HV also ignores intraday movement entirely when calculated from closing prices. A stock that opens at $100, drops to $90, and closes at $100 has a close-to-close return of zero. The volatility you experienced as a trader that day was real, but the standard HV formula does not capture it.
More advanced estimators like Parkinson (using high-low range), Garman-Klass (using OHLC), and Yang-Zhang (combining overnight and intraday components) address this gap. For most daily chart traders, close-to-close HV is sufficient. If you trade intraday or need precision for options pricing, the range-based estimators are worth exploring.
HV also has no predictive component built in. It tells you what happened, not what will happen next. The assumption that recent volatility persists into the near future is usually correct over short horizons, because volatility clusters. But it breaks down around catalysts, earnings, and macro events. A stock sitting at 15% HV the day before an earnings release can jump to 50% the day after.
Practical Rules I Follow
After years of watching HV readings across different instruments, a few patterns hold up consistently.
Low HV below the 6-month average on the daily chart means something is building. I do not know the direction, but I know that the next move is more likely to be larger than recent moves. This is the time to prepare watchlists and tighten entry criteria rather than step away because “nothing is happening.”
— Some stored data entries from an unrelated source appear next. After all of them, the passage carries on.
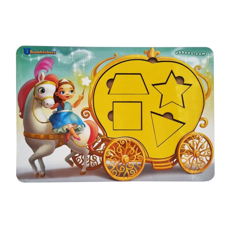 Размеры: 23 х 16 см. В наборе идут 26 карточек с визуальными заданиями. Развивающая игра в виде кареты с окошками из разных фигур. Карета – это сменные основы 5-ти цветов. Малышу необходимо вставить разноцветные фигуры в карету нужного цвета по подобию. Также из фигур можно выложить много разных узоров, персонажей, абстракций. Эта игра – отличный помощник в изучении фигур, счета и цветов. Предложите ребенку придумать для феи имя, и тогда играть станет еще интереснее.
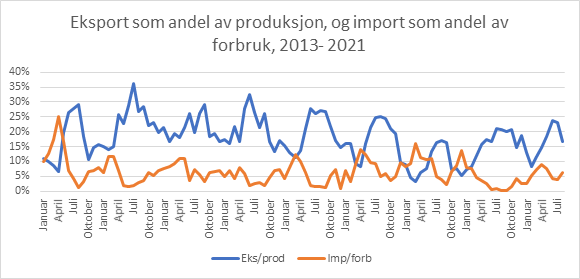 Eksport som andel av produksjon, og import som andel av forbruk: Vi har ikke tømt magasinene i større grad i år enn tidligere åre. Eksport som andel av produksjon er lavere i mai 2021 enn selv i 2018, og er på et nivå under medianen for perioden 2013-2021. Eksport som andel av produksjon var mye større fra 2013 til 2017 enn fra 2018 til i dag. Import som andel av forbruk var størst i januar 2013 og i vintrene etter tørkesomrene i 2018 og 2019.
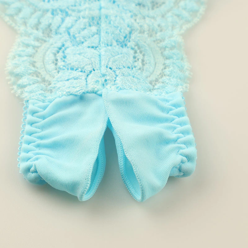しっとりとした滑らかな肌触りと同時に、心地よいサラサラ感が広がり、究極の快適さを提供する伸縮性に優れたSSS生地と透け感のあるストレッチレースを使用したTバックビキニショーツになります。オープンクロッチになった大胆デザインのセクシー股ワレランジェリー。
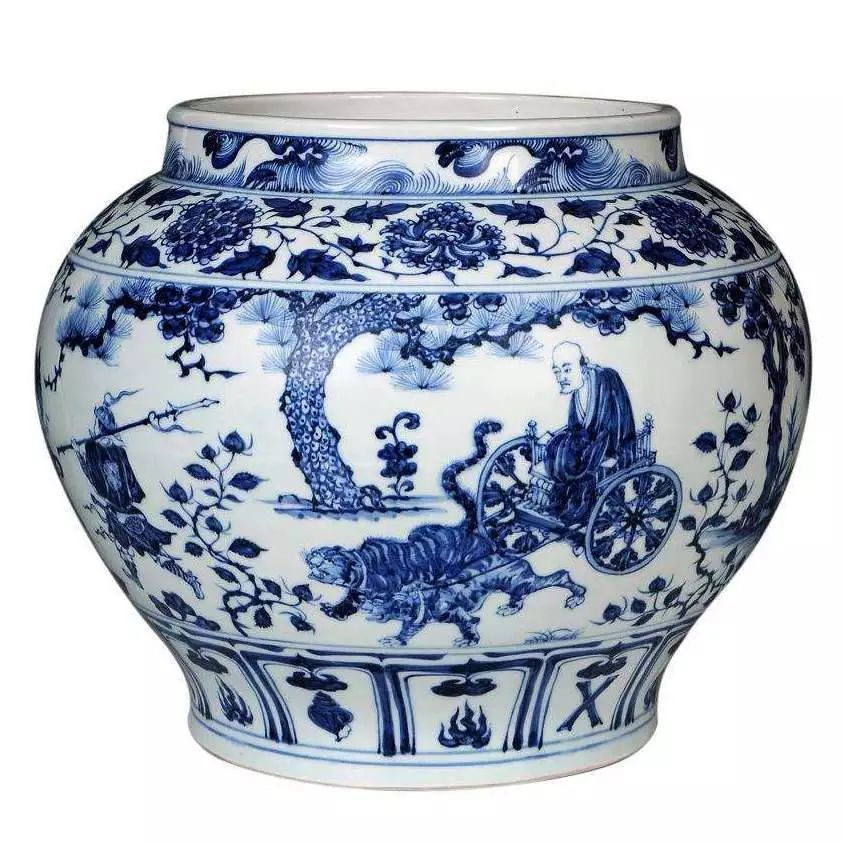 青花瓷鬼谷子下山人物故事大罐古玩收藏 -

HV above 40% annualized on an individual stock means I cut my standard position size in half. The math supports it and so does the experience. Elevated HV means wider swings, wider stops, and more frequent stop-outs if you are sized normally.
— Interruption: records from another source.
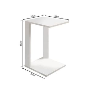Mesinha De Canto Para Encaixe Lateral Ao Sofá Sala Madeira Móvel de Apoio Decorativo é perfeito para o seu lar Além de seu design sofisticado e ideal para enfeites e decorações, esse móvel é extremamente versátil possibilitando seu uso como mesa de apoio. Utilize em sua sala, quarto, escritório ou qualquer ambiente que deseja decorar com bom gosto e criatividade. Sua versatilidade permite que nossos clientes sentados confortavelmente no sofá ou poltrona possam apoiar seu notebook enquanto navegam, quem sabe aquela pipoca e refrigerante durante um bom filme ou utilize no quarto para servir um belo café da manhã. Encontre a melhor forma de aproveitar seu móvel e compartilhe conosco, seja com sua praticidade ou uma bela decoração para inovar seu ambiente Descritivo: -Disponível na cor branco semi brilhante. -peça em madeira MDF (apenas matéria prima de qualidade) -Altura: 65 cm -Largura: 36 cm -Profundidade Tampo Superior: 38 cm -Profundidade Tampo Inferior: 33 cm -Recomenda-se o apoio de objetos até 5kg. Ex: Notebook, livro, enfeites, pratos, copos, vasinhos de planta.. A satisfação de nossos cientes é a nossa prioridade
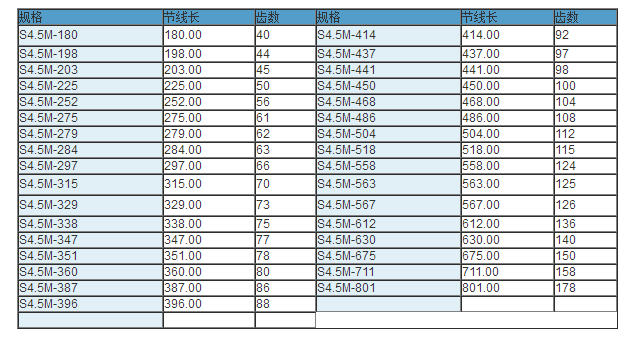 同步帶技術(shù)參數(shù)
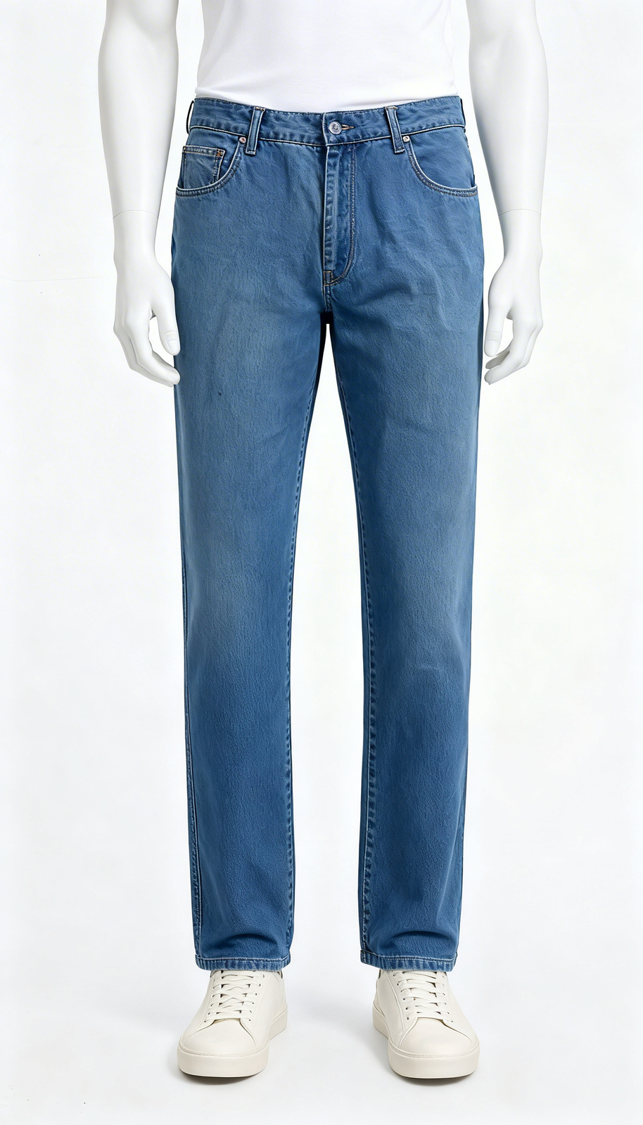 These light blue denim pants offer a relaxed straight-leg fit with a soft, easy-moving fabric. Ideal for daily casual use, they provide comfort, simplicity, and a classic denim look.
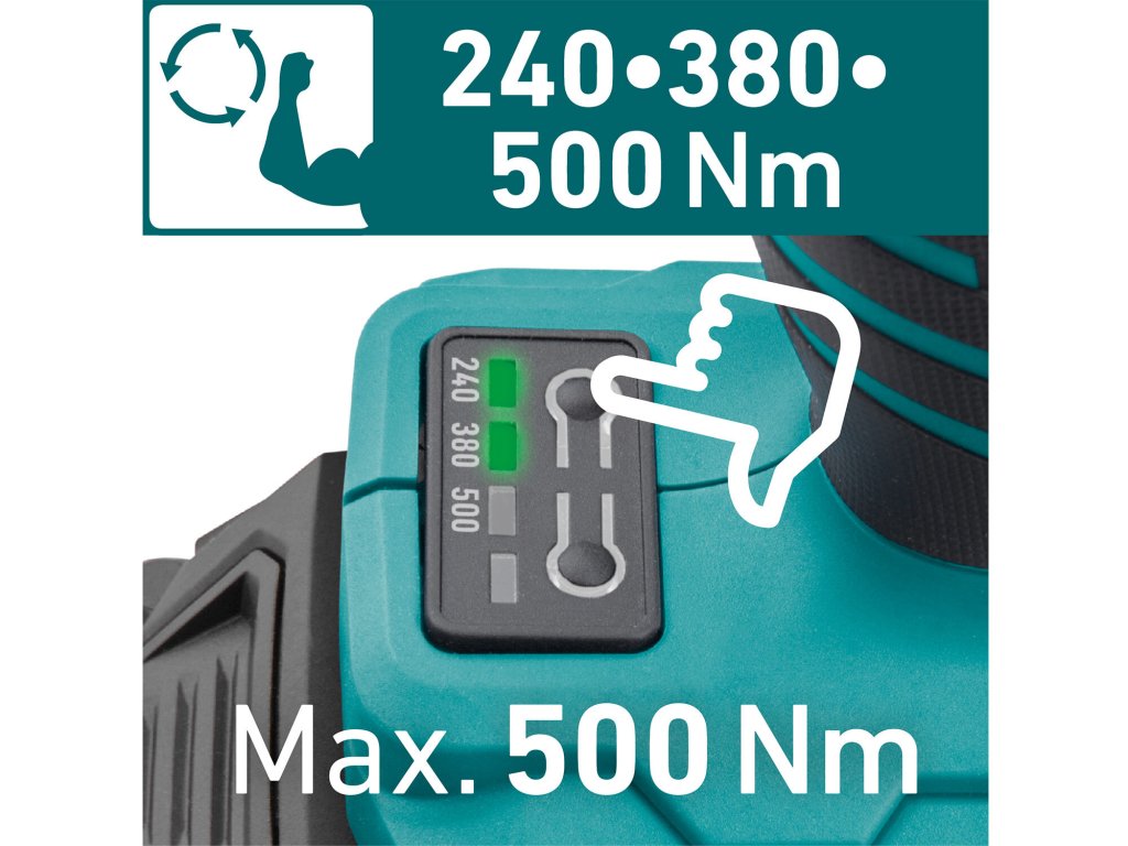 Výkonný bezuhlíkový rázový akumulátorový uťahovač s maximálnym krútiacim momentom 500Nm poskytuje silu potrebnú na široké spektrum prác pri uťahovaní aj povoľovaní skrutiek a matíc. Moderný bezuhlíkový motor má vyššiu životnosť, vyšší výkon a nižšiu spotrebu energie než klasické uhlíkové motory. Uťahovací moment je možné elektronicky nastaviť na tri úrovne: 240/380/500Nm, pričom pri povoľovaní pracuje stroj na najvyššie otáčky. K dispozícii je aj funkcia AUTO STOP, ktorá pri uvoľňovaní uťahovač po krátkej chvíli automaticky vypne, keď je skrutka úplne povolená a nástroj sa voľne otáča. Rázový mechanizmus umožňuje efektívnejšie uvoľňovanie aj silne skorodovaných spojov ako akumulátorová vŕtačka a zároveň šetrí vaše zápästie aj batériu. Celokovová prevodovka uložená v kovovom kryte zabezpečuje spoľahlivý chod aj pri vysokom zaťažení a lepšie odvádza teplo. Pracovné LED svietidlo so oneskoreným vypnutím zlepšuje viditeľnosť a pogumované plochy chránia nástroj pred nárazmi a zvyšujú komfort pri práci vďaka zníženiu vibrácií.
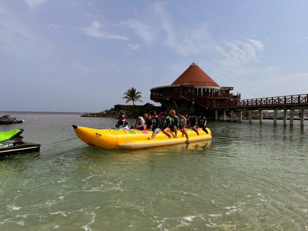 エンジョイ!マリンスポーツでバナナボート。大人数で乗れるタイプでかなり安定していました。いつも落としあいを始めちゃう僕達ですが他のお客さんもいて自粛しました。(笑)

I never use HV as a standalone trade signal. It tells me the environment, not the direction. I pair it with trend indicators like the Average Directional Index for trend strength, or Choppiness Index for regime identification. HV answers “how big?” while directional tools answer “which way?”
When HV on SPY is rising, I reduce overall portfolio exposure regardless of individual stock setups. Market-wide volatility expansion affects everything. You might have the best chart setup on a single name, but if the broad market is in a volatility spike, correlations increase and diversification breaks down.
When Volatility Tells You to Pay Attention
Historical Volatility is not glamorous. It does not flash buy or sell signals. It does not draw arrows on the chart or trigger alerts. What it does is keep you honest about the environment you are trading in. The traders who survived April 2025 without blowing up their accounts were the ones who recognized, before or during the event, that the rules of engagement had changed. HV is how you measure that change.
The formula is simple. The data is free. The discipline to actually adjust your behavior based on what it tells you is the hard part.
Educational content only. Not investment advice. Trading involves risk. You are responsible for your decisions.